Given information —
———
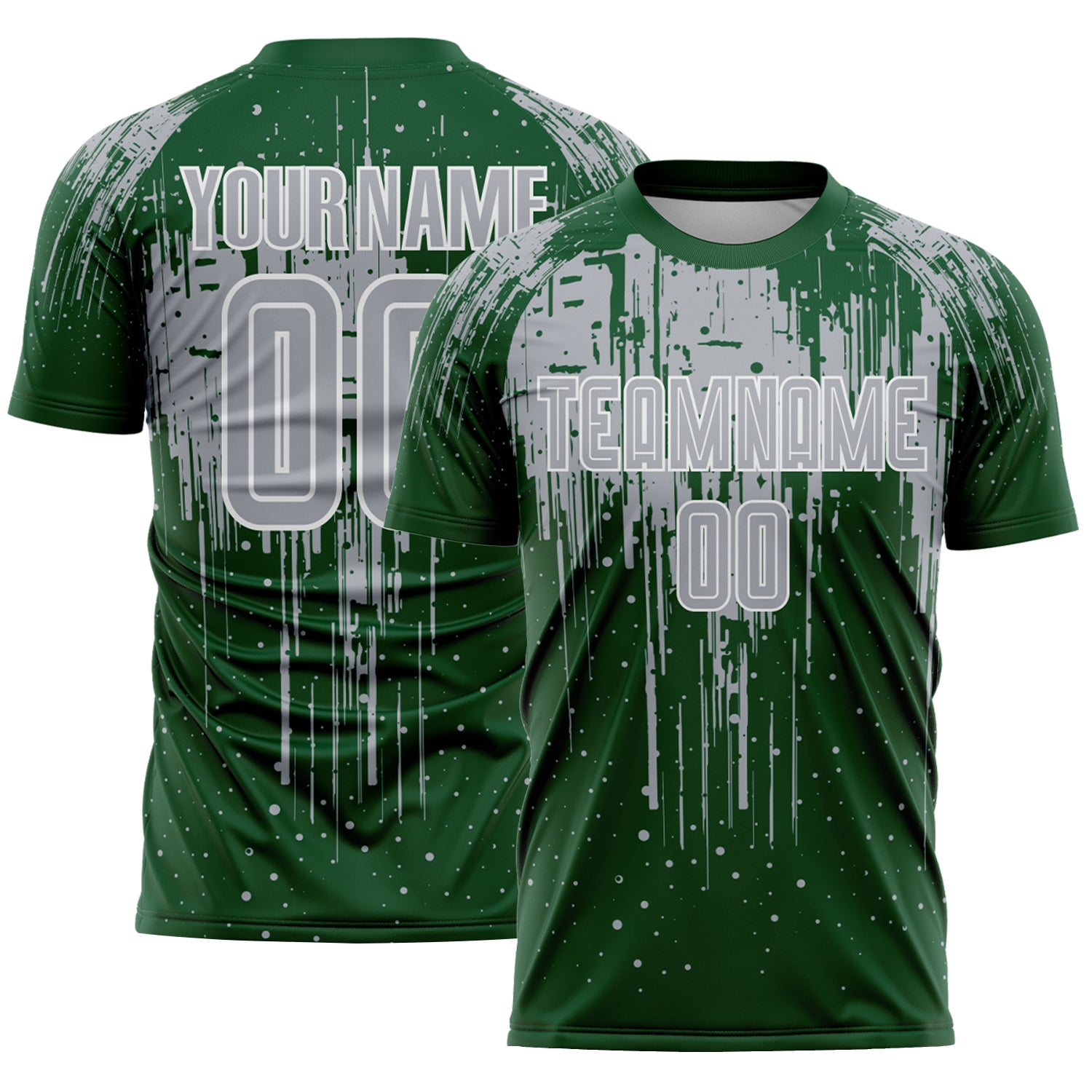 Custom Green Gray-White Dripping Splatte Pattern Sports Sublimation Soccer Uniform Jersey
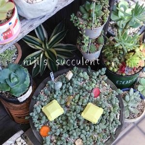 木箱の多肉さん(-´∀︎`-) グリネがグリンピース並みに一粒が大きいです(⊙︎ロ⊙︎)美味しそう😋
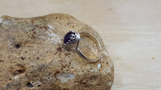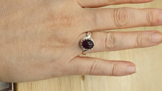 This is a lightweight women's sterling silver genuine undyed natural Amethyst adjustable ring.
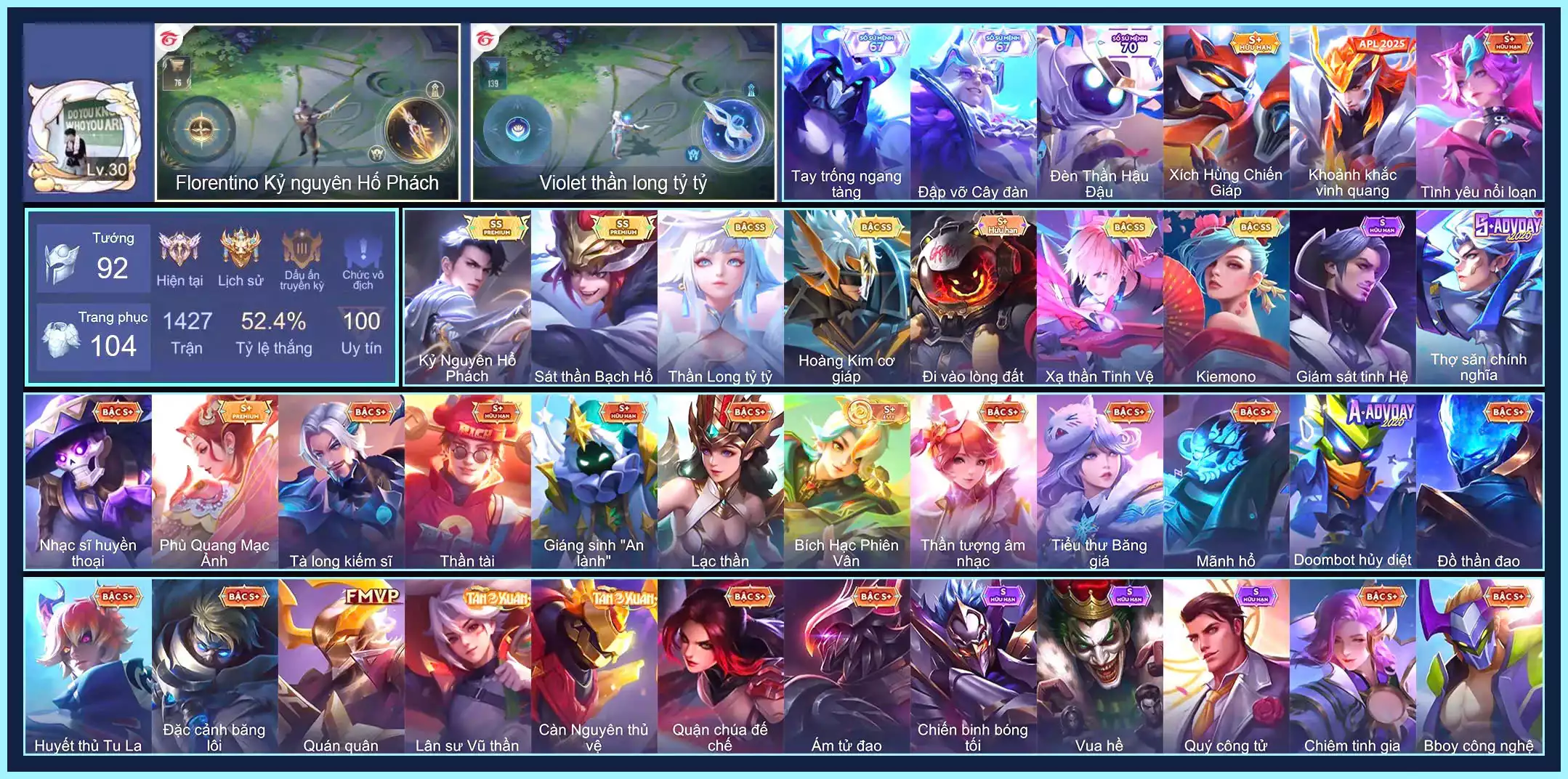 Acc #70837: Violet Thần long tỷ tỷ, Enzo Sát thần Bạch Hổ, Bijan Hoàng kim cơ giáp, Florentino Kỷ Nguyên Hổ Phách, Airi Kiemono, Laville Xạ Thần Tinh Vệ..., giá 700,000 đ
———
The problem — Your answer should contain all the material above, written out exactly, and none of the pictures.

Output for this exercise —
 Custom Green Gray-White Dripping Splatte Pattern Sports Sublimation Soccer Uniform Jersey
 木箱の多肉さん(-´∀︎`-) グリネがグリンピース並みに一粒が大きいです(⊙︎ロ⊙︎)美味しそう😋
 This is a lightweight women's sterling silver genuine undyed natural Amethyst adjustable ring.
 Acc #70837: Violet Thần long tỷ tỷ, Enzo Sát thần Bạch Hổ, Bijan Hoàng kim cơ giáp, Florentino Kỷ Nguyên Hổ Phách, Airi Kiemono, Laville Xạ Thần Tinh Vệ..., giá 700,000 đ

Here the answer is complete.